*** Opening Source material ***

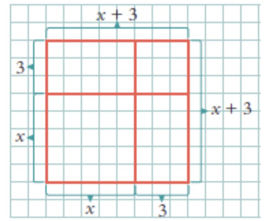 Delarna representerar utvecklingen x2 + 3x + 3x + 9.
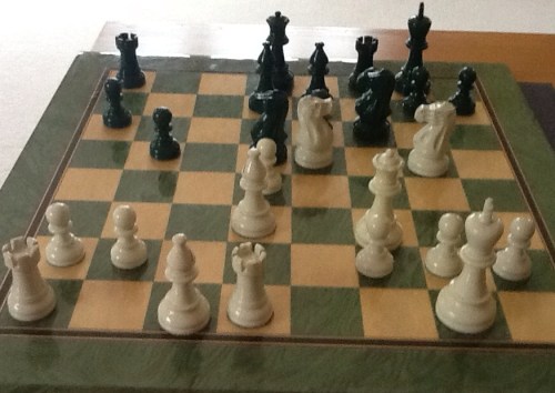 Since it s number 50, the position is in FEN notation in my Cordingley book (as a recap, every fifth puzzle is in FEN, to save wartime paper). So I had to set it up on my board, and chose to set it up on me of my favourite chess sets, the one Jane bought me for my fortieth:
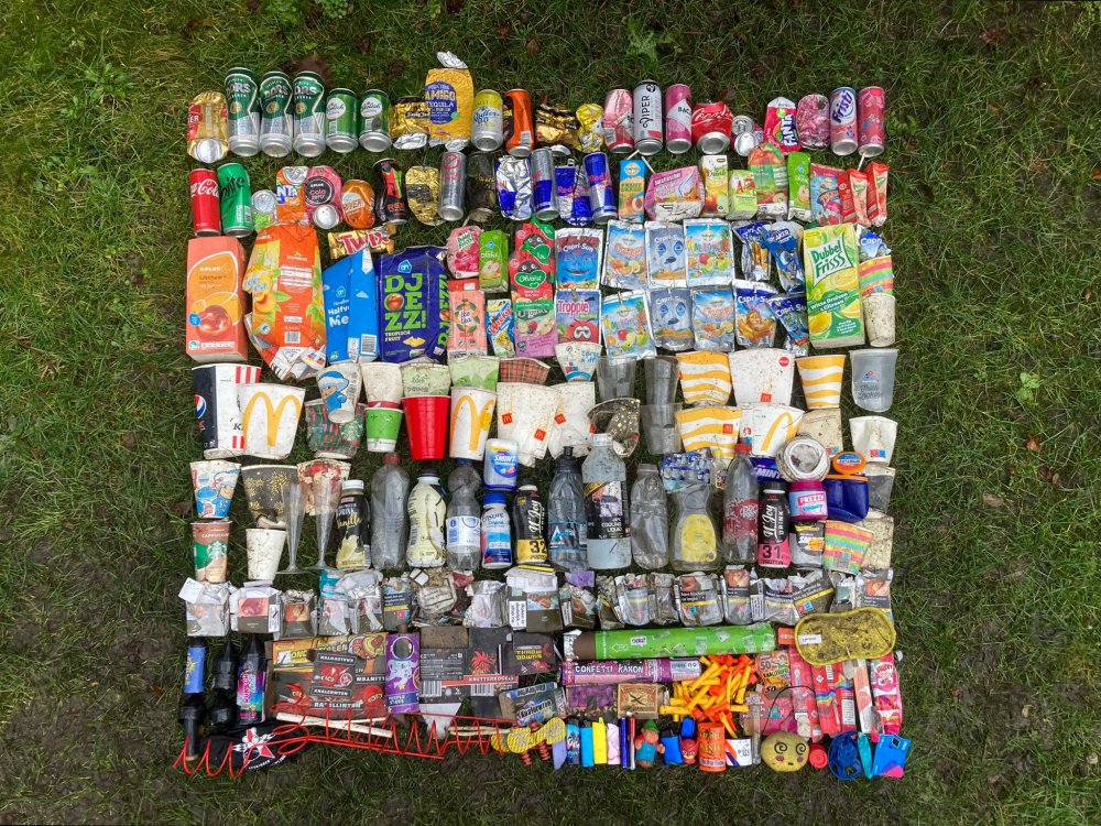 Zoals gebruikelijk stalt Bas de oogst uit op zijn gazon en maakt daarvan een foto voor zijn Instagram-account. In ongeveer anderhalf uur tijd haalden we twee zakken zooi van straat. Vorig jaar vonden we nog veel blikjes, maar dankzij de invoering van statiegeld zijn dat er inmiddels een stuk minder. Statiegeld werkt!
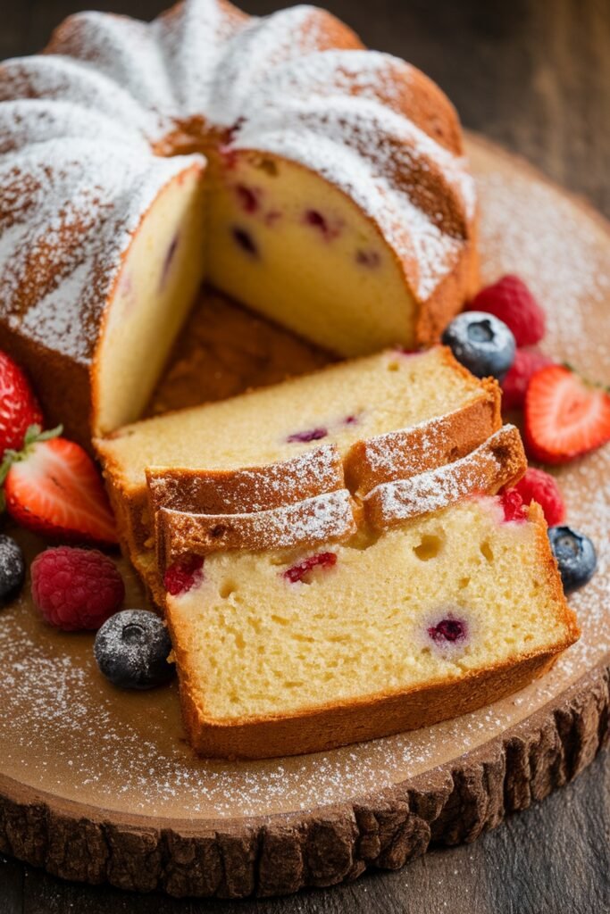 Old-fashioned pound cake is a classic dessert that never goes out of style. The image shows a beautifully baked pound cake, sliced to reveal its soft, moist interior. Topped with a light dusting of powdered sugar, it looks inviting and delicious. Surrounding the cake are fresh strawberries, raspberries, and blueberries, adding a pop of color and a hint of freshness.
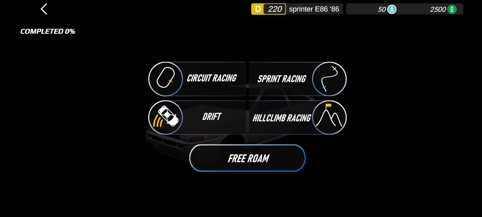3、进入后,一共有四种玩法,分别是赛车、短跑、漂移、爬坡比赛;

*** Closing Source material ***
*** Opening Source material ***

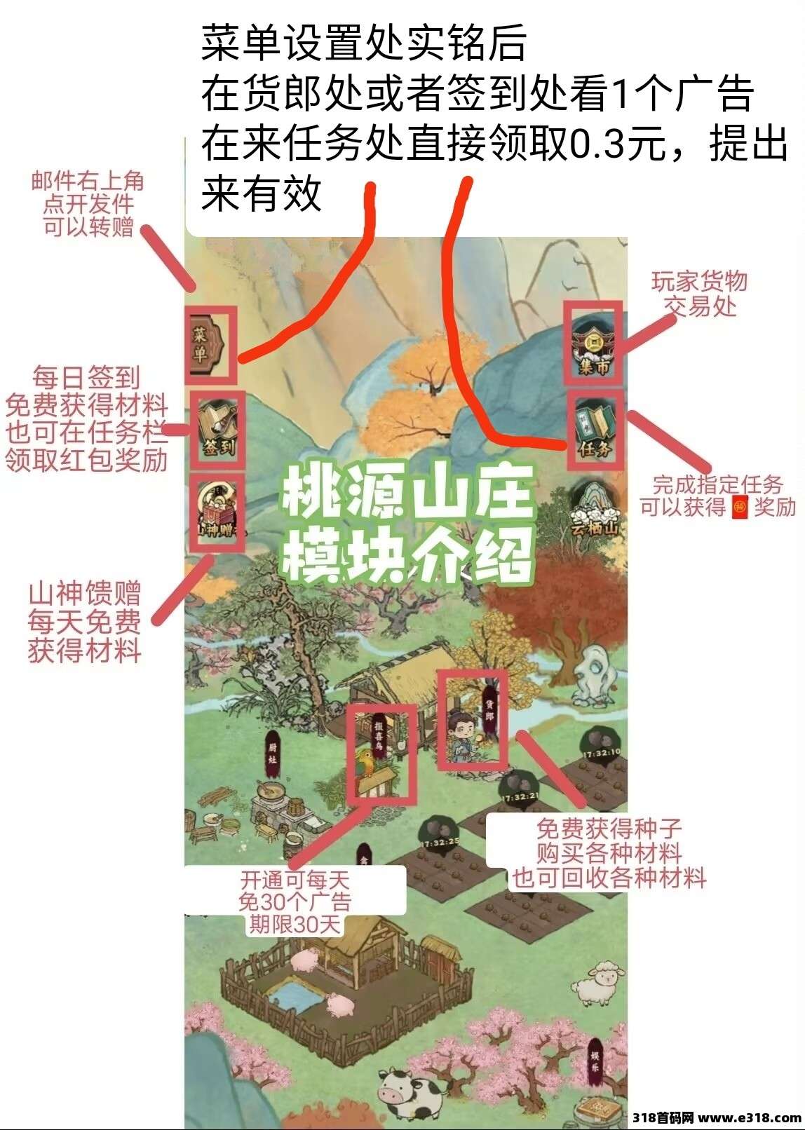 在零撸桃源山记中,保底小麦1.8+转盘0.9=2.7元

*** Closing Source material ***

Work instruction:
Having found the line with "Zoals gebruikelijk stalt" and the line with "3、进入后,一共有四种玩法,分别是赛车、短跑、漂移、爬坡比赛;" in the material above, write out exactly those two and every line between, leaving the pictures out.

Output of the task:
 Zoals gebruikelijk stalt Bas de oogst uit op zijn gazon en maakt daarvan een foto voor zijn Instagram-account. In ongeveer anderhalf uur tijd haalden we twee zakken zooi van straat. Vorig jaar vonden we nog veel blikjes, maar dankzij de invoering van statiegeld zijn dat er inmiddels een stuk minder. Statiegeld werkt!
 Old-fashioned pound cake is a classic dessert that never goes out of style. The image shows a beautifully baked pound cake, sliced to reveal its soft, moist interior. Topped with a light dusting of powdered sugar, it looks inviting and delicious. Surrounding the cake are fresh strawberries, raspberries, and blueberries, adding a pop of color and a hint of freshness.
3、进入后,一共有四种玩法,分别是赛车、短跑、漂移、爬坡比赛;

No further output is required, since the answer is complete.